Addison's disease (also known as chronic adrenal insufficiency or hypocortisolism) is a rare endocrine disorder. The disease was first described by British physician Thomas Addison in his 1855 publication: On the Constitutional and Local Effects of Disease of the Suprarenal Capsules.
It occurs when the adrenal glands, seated above the kidneys, fail to produce enough of the hormone cortisol and, sometimes, the hormone aldosterone.
Addison's disease refers specifically to primary adrenal insufficiency, in which the adrenal glands themselves malfunction; secondary adrenal insufficiency occurs when the anterior pituitary gland does not produce enough adrenocorticotropic hormone (ACTH) to adequately stimulate the adrenal glands.
Signs and symptoms
Addison's disease progresses slowly, and symptoms may not present or be noticed until some stressful illness or situation occurs. Common symptoms are:
Chronic fatigue that gradually worsens
· Muscle weakness
· Loss of appetite
· Weight loss
· Low blood pressure that falls further when standing (orthostatic hypotension)

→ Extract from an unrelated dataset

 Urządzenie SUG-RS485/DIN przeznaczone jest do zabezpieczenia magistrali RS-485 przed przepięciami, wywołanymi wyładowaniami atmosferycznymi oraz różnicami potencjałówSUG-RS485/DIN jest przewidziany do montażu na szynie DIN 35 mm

· Areas of hyperpigmentation (darkened skin), known as melasma suprarenale.
· Craving for salt and salty foods
· Hypoglycemia (worse in children)
· For women, menstrual periods that become irregular or cease
· Tetany (particularly after drinking milk) due to phosphate excess
· Numbness of the extremities, sometimes with paralysis, due to potassium excess
· Increased number of eosinophils
An illness or accident can aggravate the adrenal problems and cause an Addisonian crisis although the most common cause is discontinuing corticosteroid therapy without tapering the dose. Symptoms that may occur include:
Brown coating on tongue and teeth due to iron loss hemolysis
Sudden penetrating pain in the legs, lower back or abdomen
Severe vomiting and diarrhea, resulting in dehydration
Low blood pressure
Loss of consciousness
Untreated, an Addisonian crisis can be fatal. It is a medical emergency.

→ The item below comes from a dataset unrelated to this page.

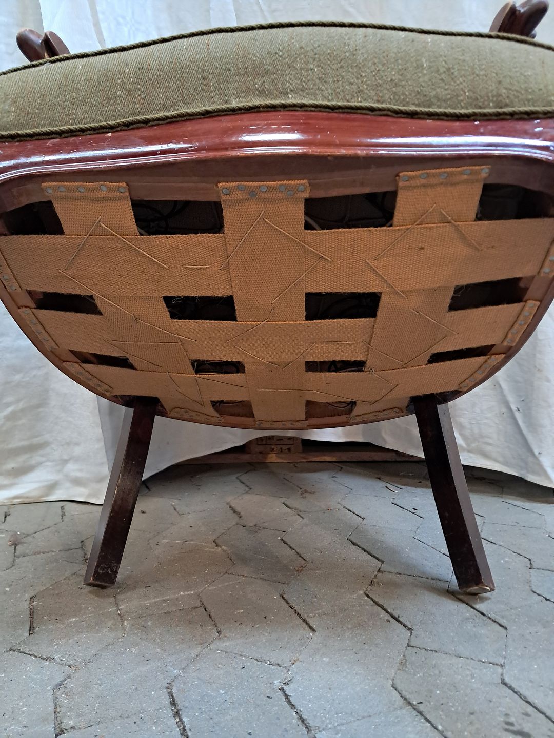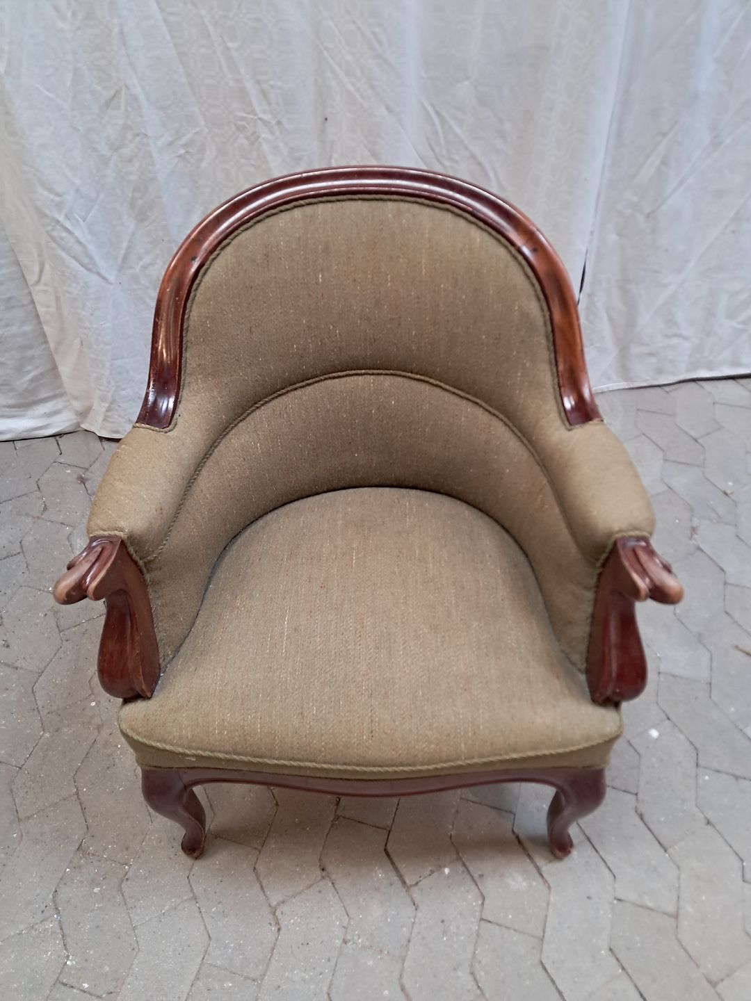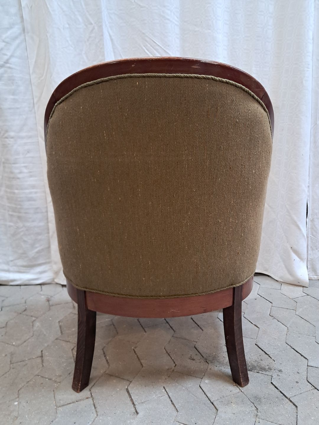 Lænestol i mahogni med uldbetræk, fra 1910erne. Den har brugsspor. Ryghøjde 86cm Sædehøjde 43cm Emne nummer: 91948

In suspected cases of Addison's disease, one needs to demonstrate that adrenal hormone levels are low after appropriate stimulation with synthetic pituitary hormone.

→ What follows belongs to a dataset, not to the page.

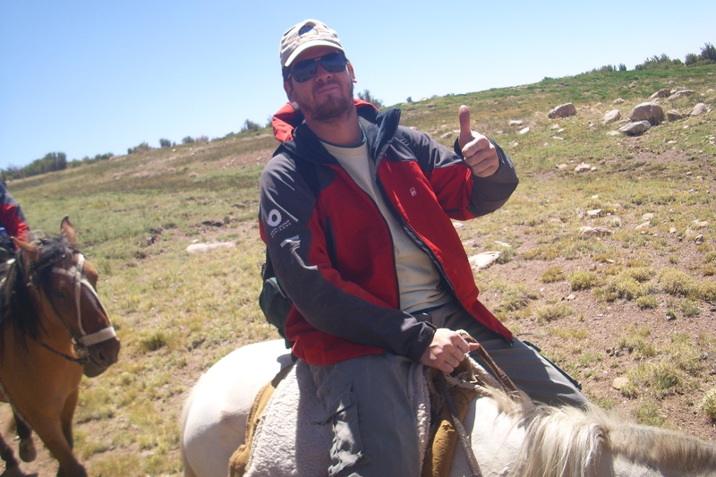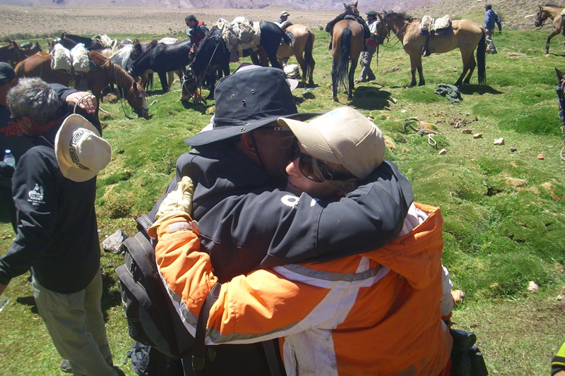“Si fuera por mí, iría y volvería a caballo, me encanta, tengo ganas de quedarme acá”, dice el chico mientras juega con la perra, acostado en plena montaña. No habla de cansancio, ni de falta de oxígeno, ni de sed. Le gusta andar y se nota. Sólo protesta cuando, después del acto en el límite, el helicóptero oficial lo regresa a casa junto a su padre, Gioja, el embajador Zaldívar, sus tres hijos y yerno. El resto (incluidas las 15 mujeres) vuelven a caballo mirando pasar el helicóptero.

Once demonstrated, the cause of adrenal failure needs to be elucidated. The most common cause is autoimmune, and can be tested for with an assay for 21-hydroxylase antibodies. If there are no antibodies present, infectious or genetic causes should be sought. This may include imaging of the adrenal glands, tests for tuberculosis or HIV infection, and searching for metastatic cancer.
Treatment for Addison's disease involves replacing the missing cortisol and, if necessary, fludrocortisone as replacement for the missing aldosterone. Caution must be exercised when the person with Addison's disease has surgery or becomes pregnant.